_Exercise description_
Begin at the line below that holds "The circular plan" and end at the line that holds "adult, antenna, at", transcribing each line exactly and skipping any picture.

_Working data_
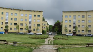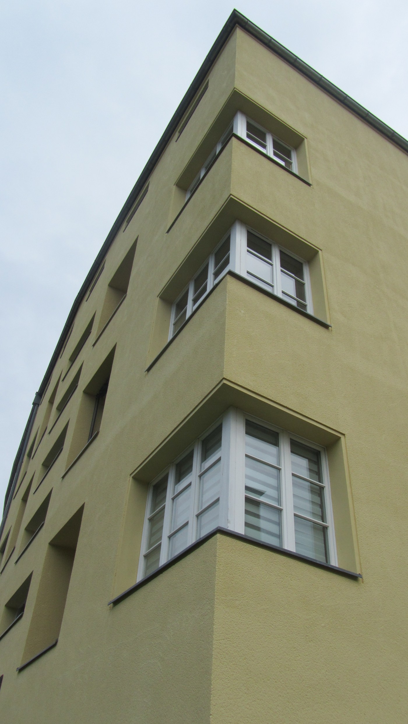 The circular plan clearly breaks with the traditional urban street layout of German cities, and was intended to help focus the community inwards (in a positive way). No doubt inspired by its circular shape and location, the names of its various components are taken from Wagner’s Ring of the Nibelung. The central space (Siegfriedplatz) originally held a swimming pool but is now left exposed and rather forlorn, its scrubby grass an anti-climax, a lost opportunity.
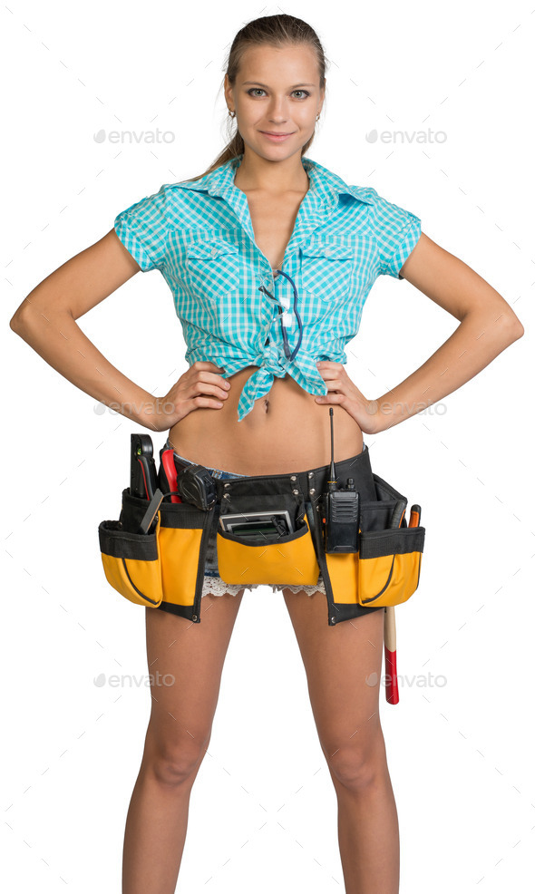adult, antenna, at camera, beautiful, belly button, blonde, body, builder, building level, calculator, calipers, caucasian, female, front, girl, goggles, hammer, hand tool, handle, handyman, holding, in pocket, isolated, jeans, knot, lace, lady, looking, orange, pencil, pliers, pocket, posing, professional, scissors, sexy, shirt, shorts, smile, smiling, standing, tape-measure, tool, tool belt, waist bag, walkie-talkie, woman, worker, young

* * *

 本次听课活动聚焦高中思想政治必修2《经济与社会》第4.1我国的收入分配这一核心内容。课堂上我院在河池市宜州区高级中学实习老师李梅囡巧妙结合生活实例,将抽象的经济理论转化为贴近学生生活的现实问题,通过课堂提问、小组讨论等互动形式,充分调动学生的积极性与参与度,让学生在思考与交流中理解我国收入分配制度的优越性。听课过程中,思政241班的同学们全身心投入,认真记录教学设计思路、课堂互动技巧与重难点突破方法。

_Output for this exercise_
 The circular plan clearly breaks with the traditional urban street layout of German cities, and was intended to help focus the community inwards (in a positive way). No doubt inspired by its circular shape and location, the names of its various components are taken from Wagner’s Ring of the Nibelung. The central space (Siegfriedplatz) originally held a swimming pool but is now left exposed and rather forlorn, its scrubby grass an anti-climax, a lost opportunity.
adult, antenna, at camera, beautiful, belly button, blonde, body, builder, building level, calculator, calipers, caucasian, female, front, girl, goggles, hammer, hand tool, handle, handyman, holding, in pocket, isolated, jeans, knot, lace, lady, looking, orange, pencil, pliers, pocket, posing, professional, scissors, sexy, shirt, shorts, smile, smiling, standing, tape-measure, tool, tool belt, waist bag, walkie-talkie, woman, worker, young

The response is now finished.